## Data provided:

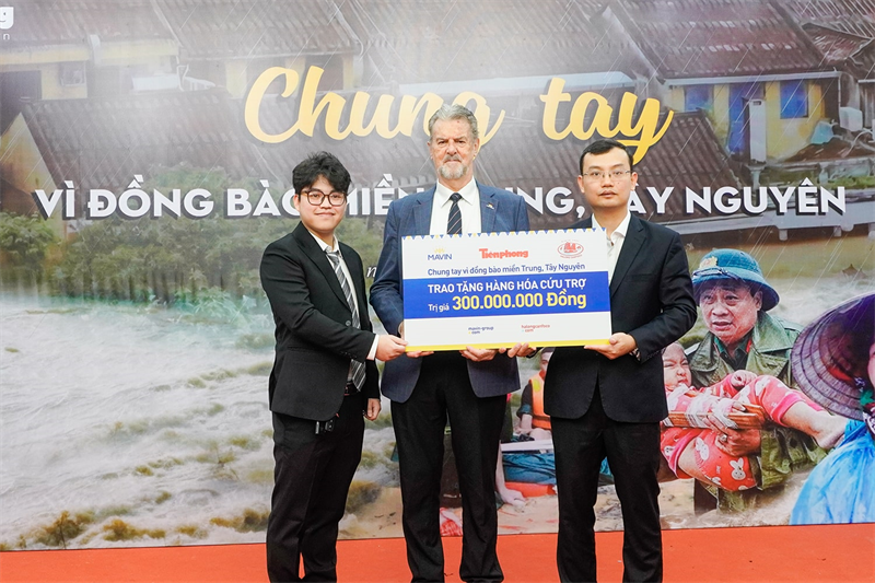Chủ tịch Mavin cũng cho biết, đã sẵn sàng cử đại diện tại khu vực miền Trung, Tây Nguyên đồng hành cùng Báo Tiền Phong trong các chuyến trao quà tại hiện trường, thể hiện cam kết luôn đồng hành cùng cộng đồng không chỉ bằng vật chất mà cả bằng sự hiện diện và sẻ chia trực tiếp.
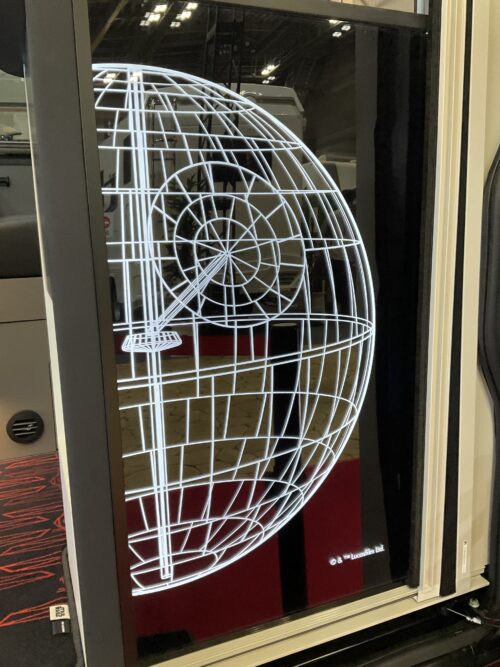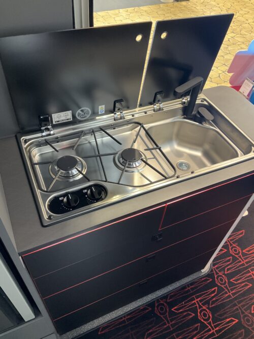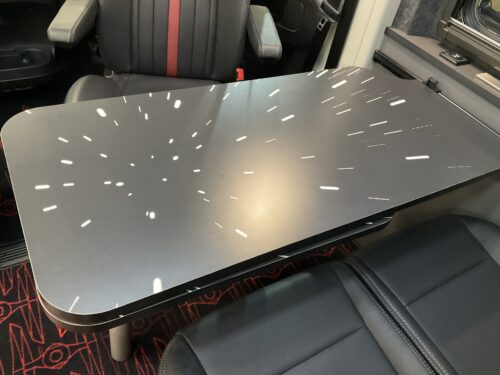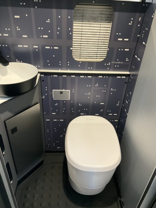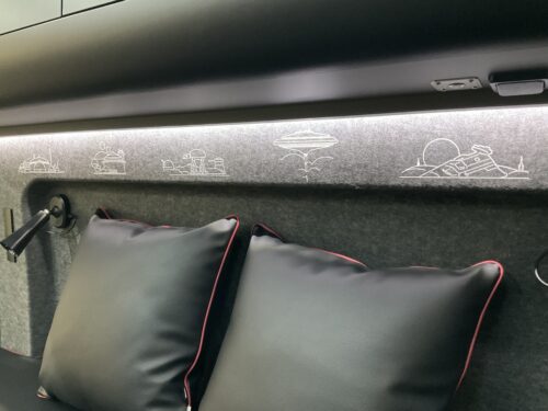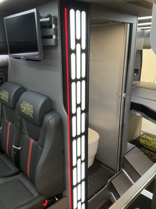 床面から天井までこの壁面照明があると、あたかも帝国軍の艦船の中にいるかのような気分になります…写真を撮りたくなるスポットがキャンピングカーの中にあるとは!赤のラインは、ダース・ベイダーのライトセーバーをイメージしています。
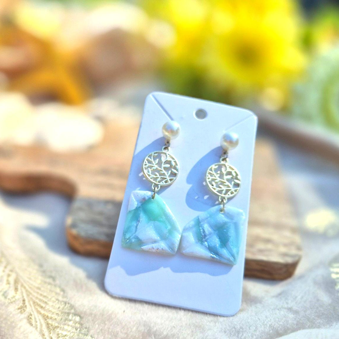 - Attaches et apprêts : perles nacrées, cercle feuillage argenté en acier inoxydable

## The task:
I need the lines from the line containing "床面から天井までこの壁面照明" through the final line of the listing duplicated exactly, both ends included, with no pictures and nothing else.

## Exercise result:
 床面から天井までこの壁面照明があると、あたかも帝国軍の艦船の中にいるかのような気分になります…写真を撮りたくなるスポットがキャンピングカーの中にあるとは!赤のラインは、ダース・ベイダーのライトセーバーをイメージしています。
 - Attaches et apprêts : perles nacrées, cercle feuillage argenté en acier inoxydable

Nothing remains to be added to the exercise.